## [Problem to solve]
Exact copies of the lines below, from the one with "الديبباجة تم صباح" up to and including the one with "Wrap yourself in", are what this calls for; leave out pictures.

## [Material provided]
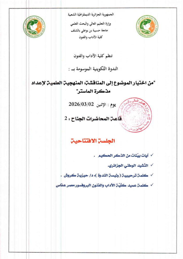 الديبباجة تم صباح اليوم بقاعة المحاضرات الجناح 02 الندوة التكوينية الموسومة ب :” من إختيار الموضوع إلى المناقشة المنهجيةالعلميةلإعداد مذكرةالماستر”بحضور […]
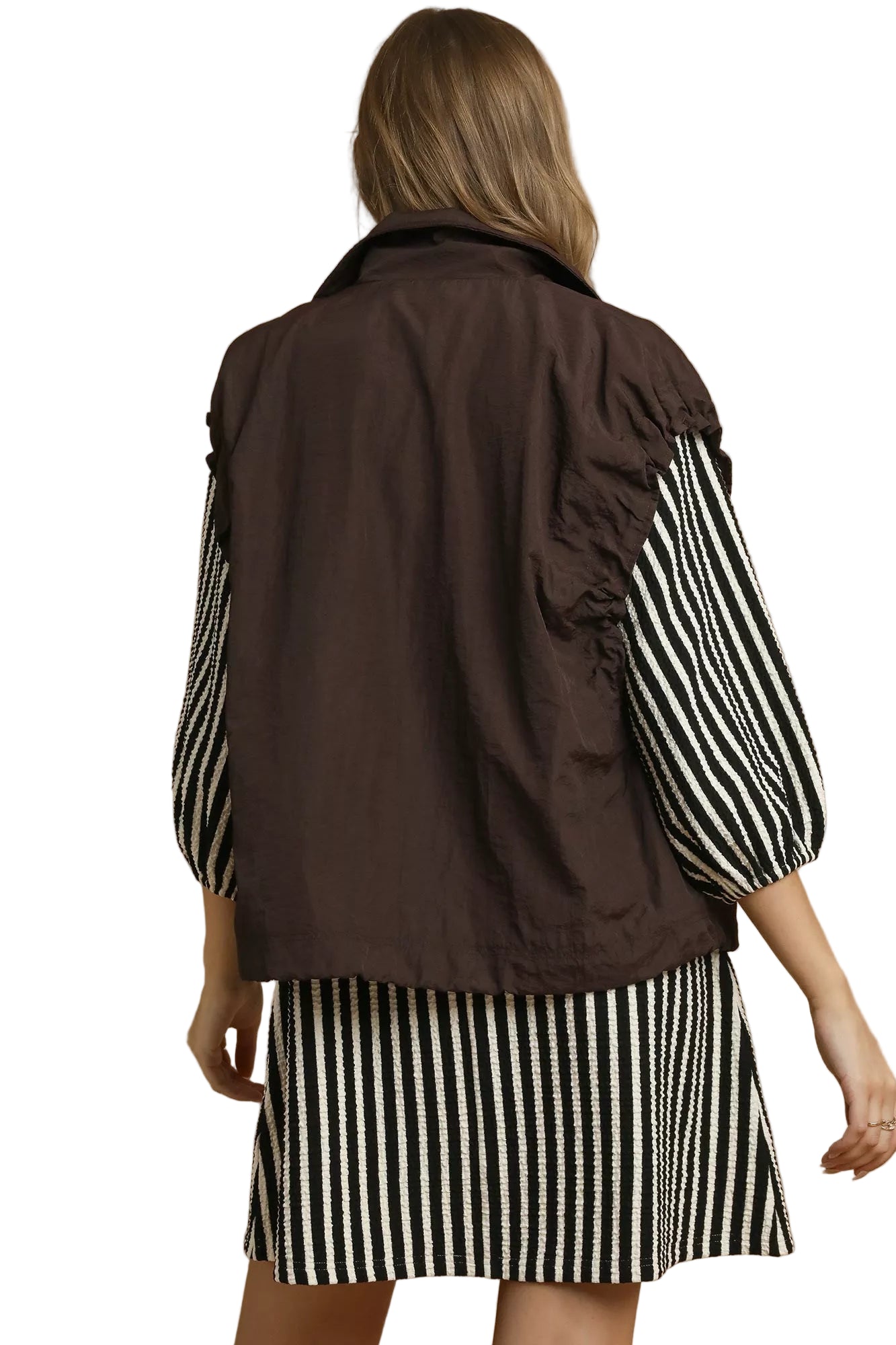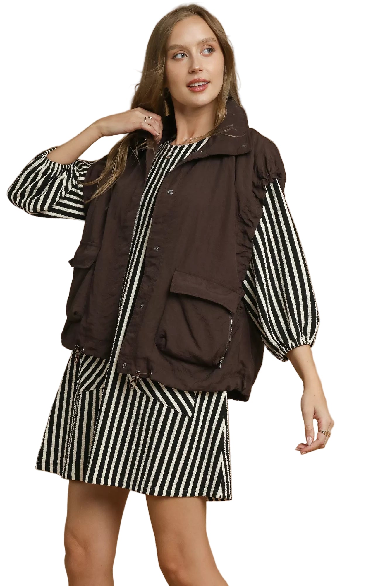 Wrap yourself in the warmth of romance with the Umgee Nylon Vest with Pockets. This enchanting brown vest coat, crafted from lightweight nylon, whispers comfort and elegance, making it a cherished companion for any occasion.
---
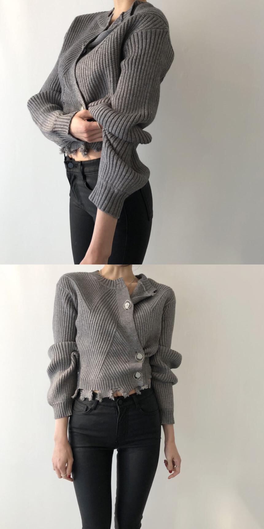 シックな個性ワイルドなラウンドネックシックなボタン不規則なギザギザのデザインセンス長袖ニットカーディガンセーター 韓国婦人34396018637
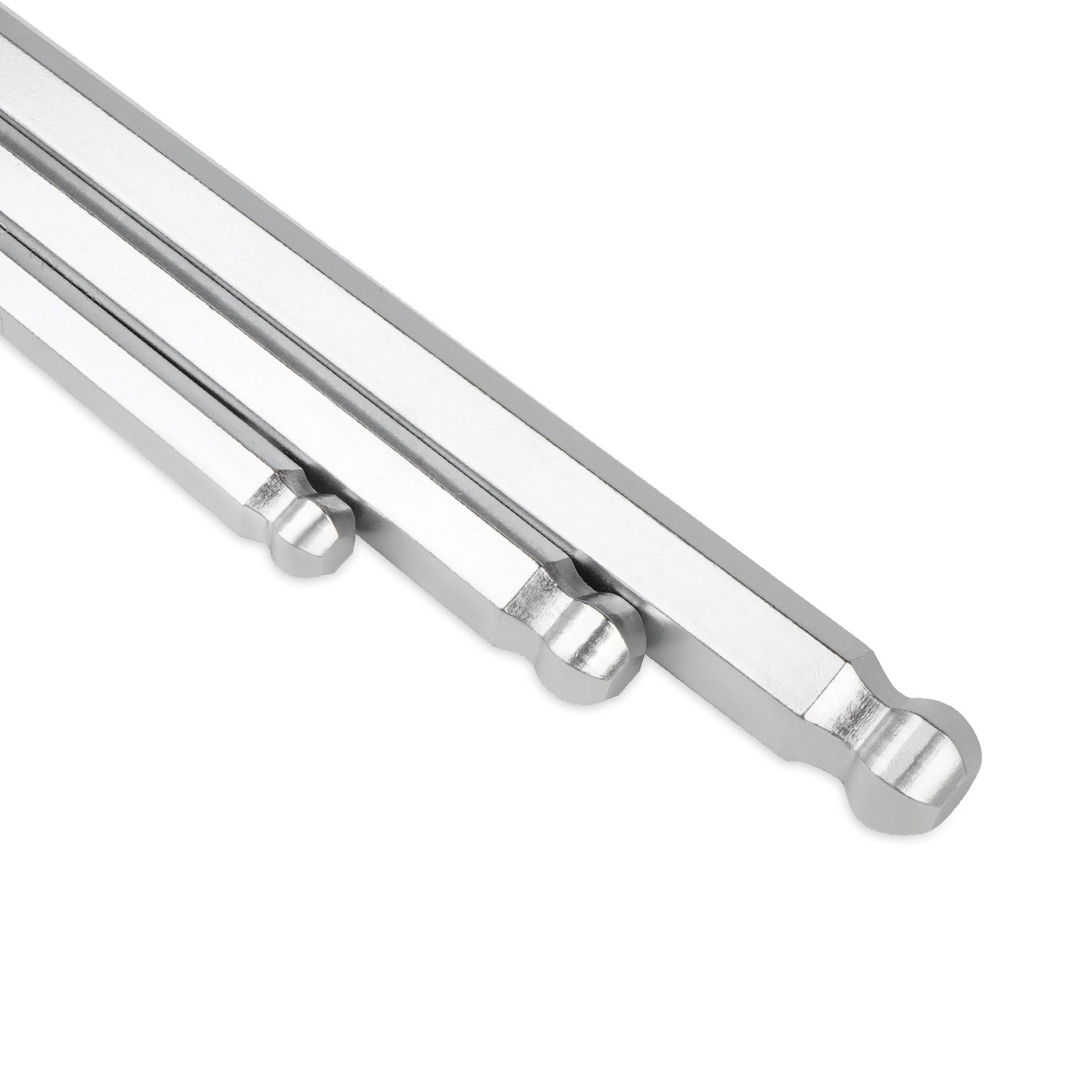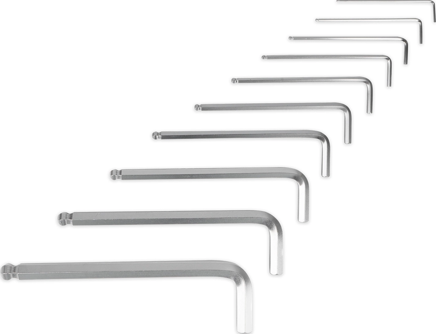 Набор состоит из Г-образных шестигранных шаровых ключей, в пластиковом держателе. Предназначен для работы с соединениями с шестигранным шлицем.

## [Exercise answer]
 الديبباجة تم صباح اليوم بقاعة المحاضرات الجناح 02 الندوة التكوينية الموسومة ب :” من إختيار الموضوع إلى المناقشة المنهجيةالعلميةلإعداد مذكرةالماستر”بحضور […]
 Wrap yourself in the warmth of romance with the Umgee Nylon Vest with Pockets. This enchanting brown vest coat, crafted from lightweight nylon, whispers comfort and elegance, making it a cherished companion for any occasion.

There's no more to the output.